Differentiation-inducing and anti-proliferative activities of lupeol on canine melanoma cells.

Canine melanoma is the most common oral malignant tumor reported in the field of veterinary medicine. We found that lupeol, a lupine triterpene, inhibited mouse melanoma cell growth in vitro and in vivo by inducing cell differentiation. In the present study, we examined the differentiation-inducing activities of lupeol on 4 canine melanoma cells in vitro and in vivo. The induction of canine melanoma cell differentiation by lupeol was confirmed by evaluating some differentiation markers such as tyrosinase with real-time RT-PCR. Furthermore, we transplanted canine melanoma cells into a severe combined immunodeficiency mouse, and studied the anti-progressive effects of lupeol on tumor tissue.
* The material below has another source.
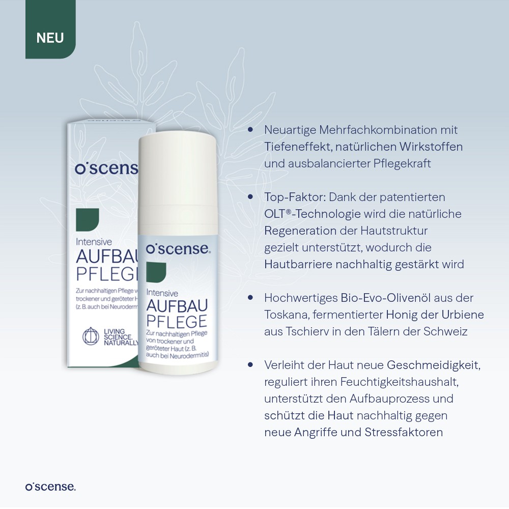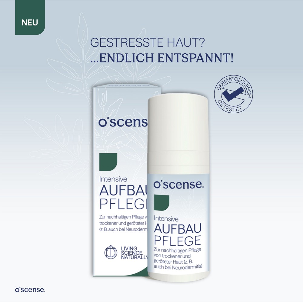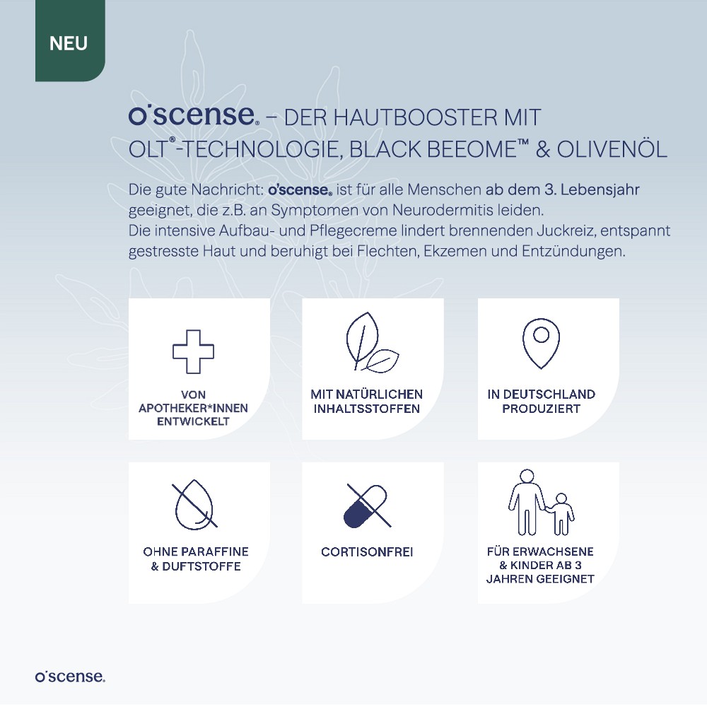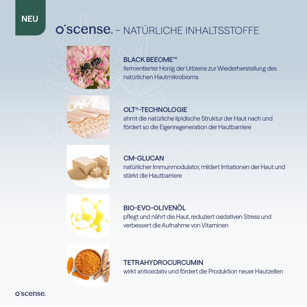 Die intensive Aufbaucreme ist für jeden ab dem 3. Lebensjahr geeignet, der an sehr trockener, neurodermitischer oder zu Ekzemen neigender Haut leidet. o’scense lindert zuverlässig brennenden Juckreiz sowie unangenehme Spannungsgefühle. Gestresste, beanspruchte Haut wird auf natürliche Weise wieder in Balance gebracht. Selbst durch Chemotherapien gereizte und extrem beanspruchte Haut kann durch o’scense besänftigt werden.

The gene expression of microphthalmia-associated transcription factor, tyrosinase, and tyrosinase-related protein-2, which are markers of pigment cell differentiation, was induced in 4 canine oral malignant melanoma cells by lupeol, and the agent markedly inhibited tumor progression in canine melanoma-bearing mice.

Introduction

Melanoma is the most aggressive form of skin cancer that is derived from activated or genetically altered epidermal melanocytes (Oliveria et al. 2001). Human malignant melanoma is a highly metastatic cancer that is markedly resistant to chemotherapy with dacarbazine or temozolomide. Canine melanoma is the most common oral malignant tumor reported in the field of veterinary medicine (Bergman, 2007). It was reported that treatment of carboplastin significantly affects dogs with malignant melanoma, and achieved a response rate at 28% (Rassnick et al. 2001).

Lupeol, a plant pentacyclic triterpene, was previously shown to have various biological activities, such as anti-inflammatory (Fernández et al. 2001a,[b]), anti-cancer (Saleem 2009), and anti-metabolic syndrome (Sasaki et al. 2008; Hata et al. 2008; Itoh et al. 2009) activities. We previously demonstrated that lupeol inhibited mouse melanoma cell growth by inducing melanogenesis and suppressing the motility of cells (Hata et al. 2006). These findings revealed that lupeol induced the differentiation of melanoma cells into mature melanocyte-like cells in vitro. In our recent study, we showed that lupeol suppressed tumor growth in melanoma-bearing mice by attenuating proliferating cell nuclear factor (PCNA) and Ki67, which are highly expressed in melanoma or other tumors (Nitta et al. 2013). However, the effects of lupeol on other melanoma such as canine melanoma remain unclear. In the present study, we examined the differentiation-inducing activities of lupeol on canine melanoma cells in vitro and its anti-melanoma effects in vivo, prior to clinical trials on canine melanoma.

Material and methods

Cell culture

With prior written informed consents of animal owners, 4 melanoma samples were separately harvested after surgical procedures, and 4 canine oral malignant melanoma (cMEL) cell lines were established from these tumor samples. The three melanoma cell lines (cMEL-1, -3, and -4) were maintained in Dulbecco’s modified Eagle’s medium, and cMEL-2 cells were maintained in RPMI-1640 medium, respectively, supplemented with 10% fetal calf serum, 100 μg/ml of streptomycin, and 100 U of penicillin.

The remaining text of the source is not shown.